Work request: Leave out every picture and set down, exactly, the lines below from the one holding "- Antrasit Melanj" up to and including the one holding "Italienische Spitze mit".

Source material:
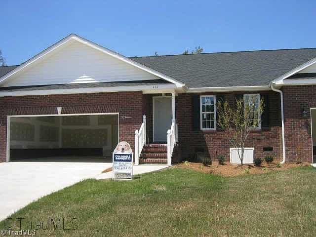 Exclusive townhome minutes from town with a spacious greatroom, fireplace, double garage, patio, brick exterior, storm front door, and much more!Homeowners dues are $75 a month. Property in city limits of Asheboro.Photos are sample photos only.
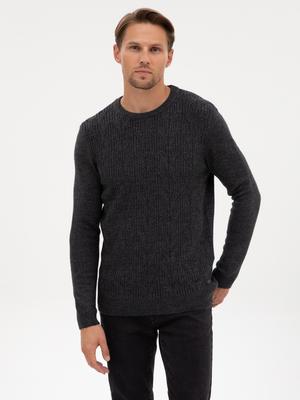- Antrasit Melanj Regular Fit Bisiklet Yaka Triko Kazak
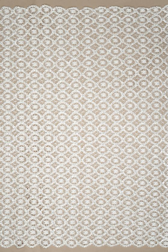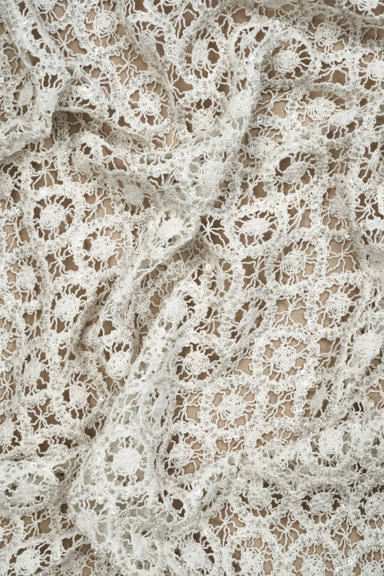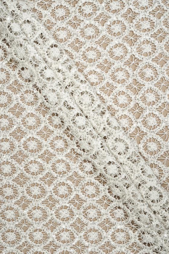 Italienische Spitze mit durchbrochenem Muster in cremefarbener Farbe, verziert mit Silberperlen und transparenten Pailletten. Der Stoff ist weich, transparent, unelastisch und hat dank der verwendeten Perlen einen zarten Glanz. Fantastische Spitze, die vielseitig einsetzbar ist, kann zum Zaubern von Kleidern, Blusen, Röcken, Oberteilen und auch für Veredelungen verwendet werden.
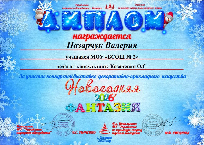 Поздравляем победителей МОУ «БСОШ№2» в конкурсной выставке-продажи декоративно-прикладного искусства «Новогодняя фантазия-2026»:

Answer for this exercise:
- Antrasit Melanj Regular Fit Bisiklet Yaka Triko Kazak
 Italienische Spitze mit durchbrochenem Muster in cremefarbener Farbe, verziert mit Silberperlen und transparenten Pailletten. Der Stoff ist weich, transparent, unelastisch und hat dank der verwendeten Perlen einen zarten Glanz. Fantastische Spitze, die vielseitig einsetzbar ist, kann zum Zaubern von Kleidern, Blusen, Röcken, Oberteilen und auch für Veredelungen verwendet werden.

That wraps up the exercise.